If the “I” is vocation, every moment of life is part of this vocation. This is why all that we do is divine. Our vocation enables us to enter into everything, to discover God as “all in all.” By responding to this call, by living this vocation, the “I” becomes the subject of the history of His presence in the world. It is God who makes it, but He makes it through your frail yes, my frail yes. It may be as frail as you like, but without this yes, what the Lord wants to do with history does not happen. At the same time, it is by belonging to this history that the “I” matures, becomes itself: our “I” is born, is reborn through this predilection of God, through His mercy that does not stop before our evil, our incapacities, and calls us again and again. The people, the belonging to this people, becomes the instrument to fulfill the vocation of the “I.” “All in me became truly more religious.”26

Thus, by belonging, one begins to change his mentality. The new mentality is nothing other than total, all-encompassing belonging to That which has happened to us. “The new culture [the new mentality] is a vision of the world–from the ‘I’ to the Eternal–that starts from an encounter you have had, an event in which you participate, a Presence you have bumped into, rather than books you read or ideas you may have. This encounter has a genetic value, in that it represents the birth of a new subject, which arises in a given place at a given time in history, and there it is nurtured and is incremented as a new personality, with a unique conception that is irreducible to any other, receiving a new noûs, a new knowledge. When this presence is at play in all relationships of life [when one enters life with this presence in his eyes], when all relationships ‘hang’ on it, when they are saved, judged, coordinated, evaluated, used in the light of that Presence, we have a new culture.”27 There is no need to go to the university. Look at what our friends from Nigeria tell us: “Our friend Fidelis died. A great grief, a great mystery.

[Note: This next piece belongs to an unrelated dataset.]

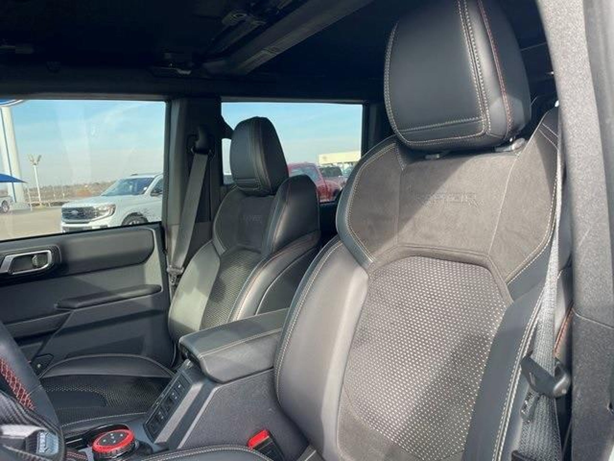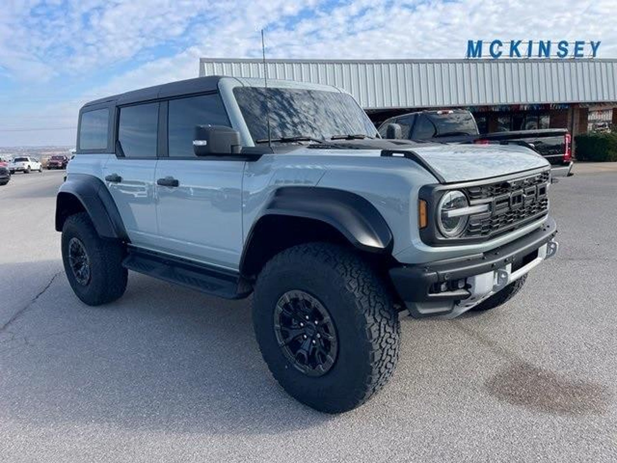 Cactus Gray 2023 Ford Bronco Raptor 4WD 10-Speed Automatic 3.0L EcoBoost V6 Local Trade Back Up Camera New Tires 1-Owner Navigation Leather Low Miles 10 Speakers w/Subwoofer 2 Smart Charging USB Ports In Dashboard 4-Wheel Disc Brakes ABS brakes Adaptive Cruise Control Auto High-beam Headlights Automatic temperature control Brake assist Connected Built-In Navigation Convertible HardTop Dual front impact airbags Dual front side impact airbags Emergency communication system: 911 Assist Equipment Group 374A Lux Package Evasive Steering Assist Exterior Parking Camera Rear Front anti-roll bar Front Bucket Seats Front dual zone A/C Front wheel independent suspension Fully automatic headlights Hard Top Sound Deadening Headliner (DISC) Heated door mirrors Heated front seats Heated Steering Wheel Integrated roll-over protection Keyless Entry Keypad Leather-Trimmed/Vinyl Bucket Seats Low tire pressure warning Lux Package Navigation system: Connected Navigation Occupant sensing airbag Off-Road Assistance Kit (DIO) Overhead airbag Power door mirrors Radio: B&O Sound System by Bang & Olufsen Rear anti-roll bar Rear window defroster Remote keyless entry Second Row Panel Roof Bag Storage (DIO) Security system SiriusXM Radio w/360L Steering wheel mounted audio controls SYNC 4 Telescoping steering wheel Tilt steering wheel Traction control Universal Garage Door Opener Wheels: 17 Black High Gloss-Painted Aluminum Wireless Charging Pad. TO KEEP YOU SAFE WE DELIVER! BUY ONLINE-TEXT-EMAIL-CHAT-PHONE AND WE WILL DELIVER YOUR NEXT VEHICLE TO YOUR DOOR! FROM OUR SALES FLOOR TO YOUR DOOR! ITS THAT EASY! Odometer is 11667 miles below market average!

When we went for the funeral rites in his village, our friends told us there was going to be a long meeting between his paternal and maternal clans to clarify the cause of this death. In their culture, there are no reasons for a premature death, and so a culprit needs to be found within the clans and the punishment to be established. Yet, besides this narration, Francis said that precisely here lies the difference between the culture from which they come and that encountered in the Movement: whereas their culture perceives the Mystery as an enemy, we perceive the Mystery in its very nature, a friendly one, and this explains reality better.”

The mentality that is born of belonging explains reality better. The new mentality then is born not of going to the university, but “from the position one assumes toward this Presence that is exceptional and decisive for life. This is why St Paul says, ‘This is your spiritual cult’: it is your culture, it is the new point of view from which to look at the world, the whole of reality. When a person has a childlike gaze for that Presence, whether he is small or mature (provided his eye is free from buts and ifs and is filled with the question that nourishes man’s heart), then he will penetrate the relationships, both near and far, with a light that no one has, except those who have the same position before Christ, the God made Man, the Word made flesh.”28 Thus one begins to love others, to understand affection and work, all the way to politics, in the light of that encounter. Here is where the new mentality is learned.
We must lend each other a hand to sustain one another on this path, because in it lies the possibility for each of us to be really an “I”–otherwise, we are defeated by circumstances.